Respondíanle a todas las preguntas y hasta el piloto conversó con él. Poco más
de dos horas duraría el vuelo. El niño estremecíose en el despegue, alegre de
reírse para sí, comodísimo, en un gesto de hojas al caer. La vida podía rayar a
veces en una verdad extraordinaria. Incluso amarrarse el cinturón volvíase
fuerte agasajo, de protección, y luego otra vez sentido de esperanza: en lo no
sabido, en lo restante. Tal crecer y relajarse — cierto como el acto de
respirar — o de huir por espacio en blanco. El niño.
Y las cosas venían
dulcemente de repente, según una previa armonía, benéfica, de movimientos
concordantes: satisfacciones antes de consciencia de las necesidades. Dábanle
caramelos, chicles, a escoger. Solícito de tan bienhumorado, el tío le enseñaba
cómo reclinar el asiento con sólo presionar una palanca. Su lado era el de la
ventanilla, para el mundo móvil. Pasábanle revistas, a hojear, cuantas
quisiese, y hasta un mapa donde le indicaban los puntos por donde pasaban,
encima de dónde. El niño dejábalas, al cabo, sobre las piernas, y espiaba: las
nubes de amontonada amabilidad, el azul de puro aire, aquella amplia claridad,
la tierra llana en cartográfica visión, dividida entre campos vírgenes y
plantíos, el verde tirando a amarillos y rojos, a pardo y verde; y allende,
abajo, la montaña. Si humanos, pequeñitos, caballos y bueyes — como insectos?

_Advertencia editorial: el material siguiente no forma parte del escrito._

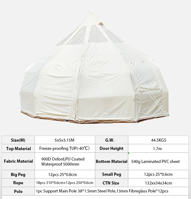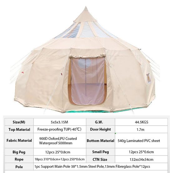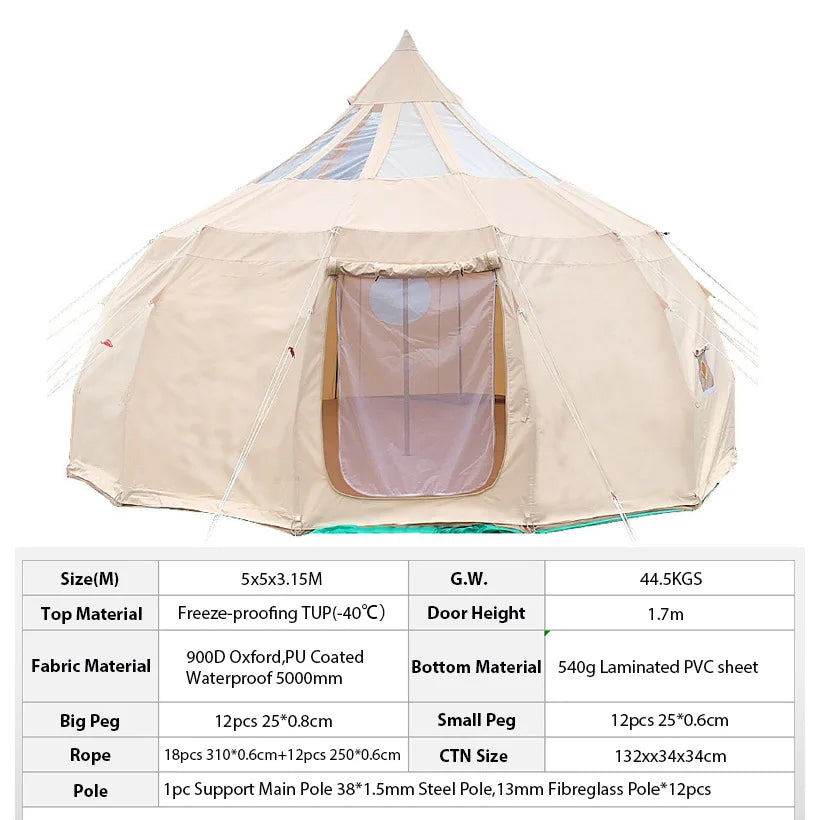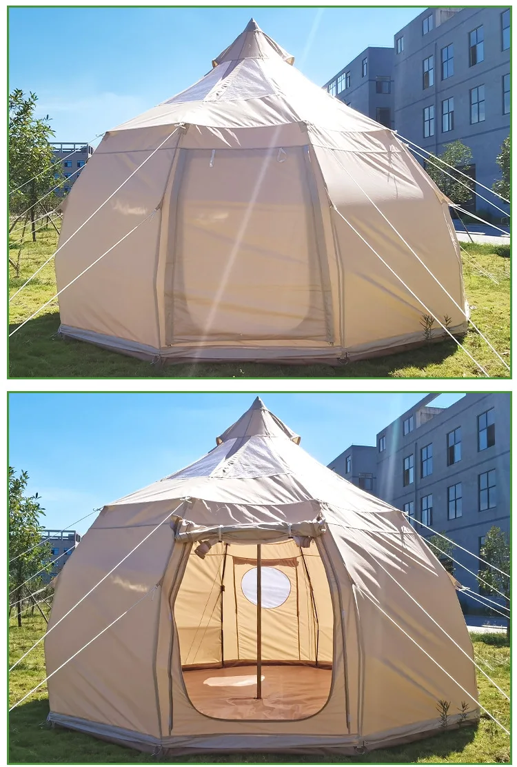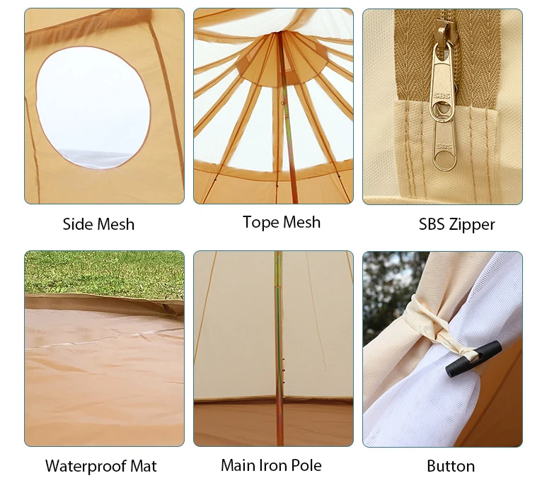 Outdoor Glamping Cotton Canvas Bell Tent Teepee Yurt Tent For 4 Season

El niño, ahora, ahorita, vivía; su alegría despedía rayos de toda laya. Volaban
sublimemente. Acomodábase, íntegro, en el suave rumor del avión: el buen
juguete trabajoso. Incluso ni llegó a notar que de hecho tenía ganas de comer,
cuando la tía ya le ofrecía un sandwich. Y el tío le prometía lo mucho que iba
a jugar y ver y pasear apenas llegasen. El niño tenía todo de una vez, y ante
la mente, nada. La luz y la amplia, amplísima nube. Llegaban.
II
Ya despuntaba el
alba en tanto. La gran Poesía recién comenzaba a configurarse, en un
semipeladero tropical, claro: difusos aires, mágica monotonía. La pista de
aterrizaje quedaba a corta distancia de la casa — de madera, sobre estacas,
casi penetrando el bosque. El niño veía, vislumbraba. Respiraba mucho. Quería
ver de un modo aún más vívido — tantas cosas nuevas — lo que para sus ojos se
anunciaba. La morada era pequeña; llegábase rápido a la cocina y a lo que no
era exáctamente un quintal, sino abreviado claro, de árboles que no han de
entrar a la casa. Altos, pendían de ellos enredaderas y pequeñas orquídeas
amarillas. ¿Podían salir de ahí indios, jaguares, leones, lobos, cazadores?
Sólo sonidos. Uno — y otros pájaros — de cantos prolongados. Eso fue lo que abrió
su corazón. ¿Aquellos pajarillos acaso bebían cachaza?
¡Oiga! Cuando
avistó el pavo real, en el centro del terreno, entre la casa y los árboles del
bosque. El pavo real, imperial, dábale la espalda — para recibir su admiración.
Desplegó súbitamente la cola, pavoneándose, dando la vuelta: y con el rozar de
las alas en el suelo — brusco, rígido — se proclamó. Grogeó, sacudiendo el
grueso racimo de bayas coloradas; y la cabeza tenía manchas de un azul claro,
raro, de cielo y de sañazos; y él, cabal, contorneado, lleno de esferas y
planos, con reflejos de verdes metales azulnegros — el pavo real for ever.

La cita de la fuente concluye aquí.